AIM OF THE TASK => Below are the records; repeat exactly their lines between the line holding "石灰通過進料裝置進入冷卻機。" and the line holding "छोरीको पास्नी अवसरमा", inclusive, skipping the pictures.

RAW DATA =>

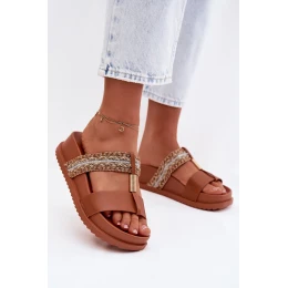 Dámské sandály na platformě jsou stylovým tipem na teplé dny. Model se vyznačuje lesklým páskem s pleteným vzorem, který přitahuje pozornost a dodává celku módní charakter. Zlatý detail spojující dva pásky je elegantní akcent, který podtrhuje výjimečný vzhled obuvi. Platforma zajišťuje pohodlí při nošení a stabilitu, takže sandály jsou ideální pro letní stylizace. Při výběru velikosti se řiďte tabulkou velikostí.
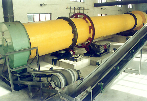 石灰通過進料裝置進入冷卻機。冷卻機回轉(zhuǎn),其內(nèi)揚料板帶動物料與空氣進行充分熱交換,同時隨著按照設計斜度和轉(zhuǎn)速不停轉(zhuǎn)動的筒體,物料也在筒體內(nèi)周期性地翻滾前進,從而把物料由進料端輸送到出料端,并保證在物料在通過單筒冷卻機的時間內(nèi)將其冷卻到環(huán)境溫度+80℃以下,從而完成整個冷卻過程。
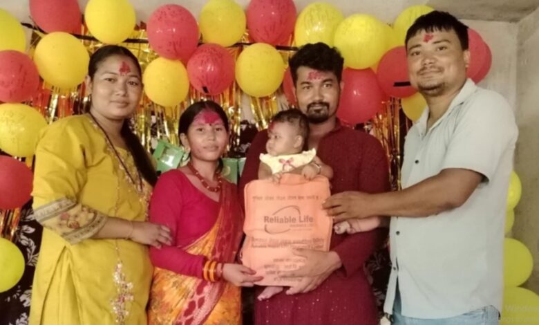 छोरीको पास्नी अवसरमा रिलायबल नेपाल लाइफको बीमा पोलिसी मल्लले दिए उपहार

...

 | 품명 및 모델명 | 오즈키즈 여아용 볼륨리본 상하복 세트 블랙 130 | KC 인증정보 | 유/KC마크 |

==

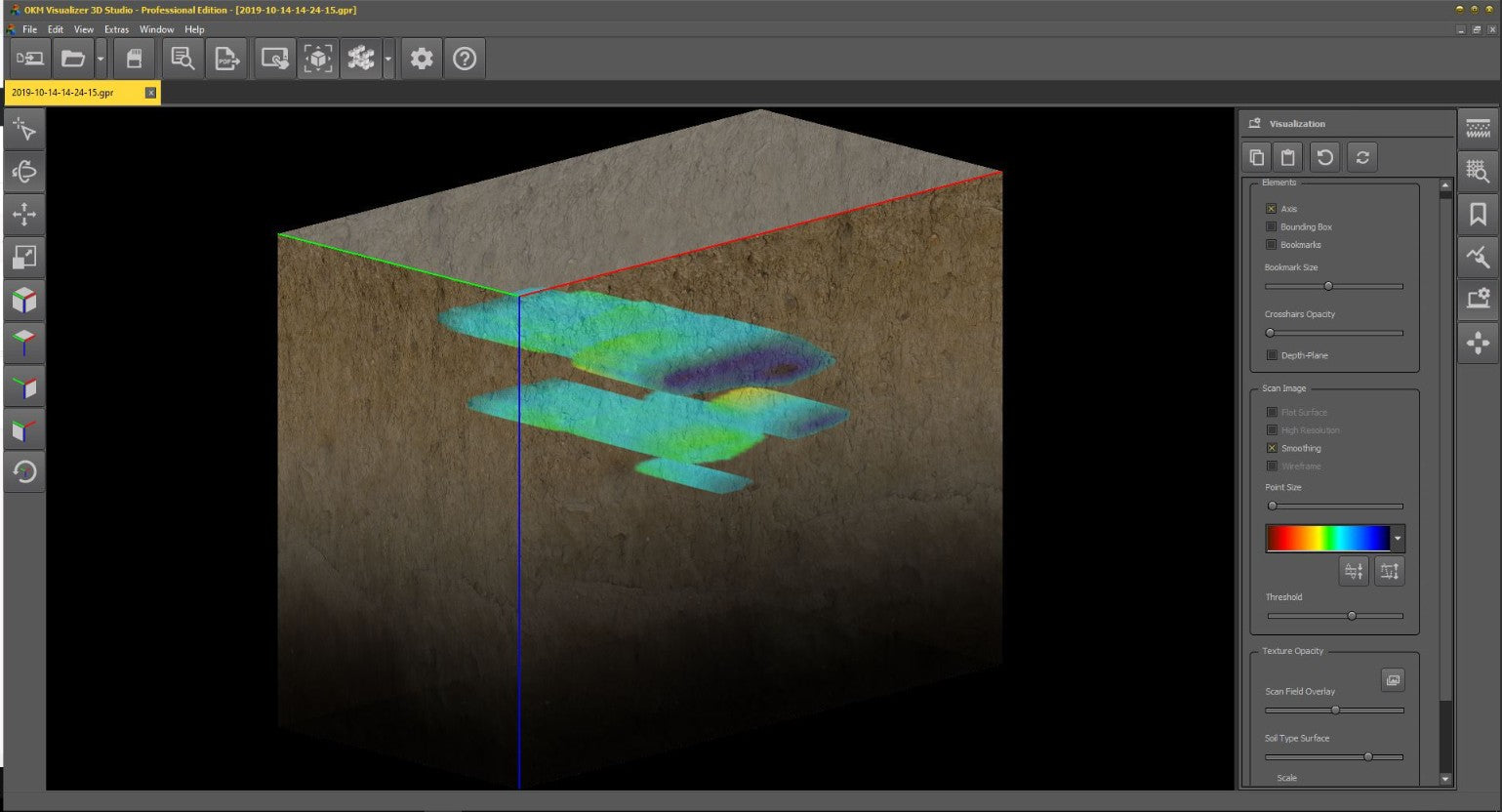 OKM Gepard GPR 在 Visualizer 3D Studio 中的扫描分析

SOLVED EXERCISE =>
 石灰通過進料裝置進入冷卻機。冷卻機回轉(zhuǎn),其內(nèi)揚料板帶動物料與空氣進行充分熱交換,同時隨著按照設計斜度和轉(zhuǎn)速不停轉(zhuǎn)動的筒體,物料也在筒體內(nèi)周期性地翻滾前進,從而把物料由進料端輸送到出料端,并保證在物料在通過單筒冷卻機的時間內(nèi)將其冷卻到環(huán)境溫度+80℃以下,從而完成整個冷卻過程。
 छोरीको पास्नी अवसरमा रिलायबल नेपाल लाइफको बीमा पोलिसी मल्लले दिए उपहार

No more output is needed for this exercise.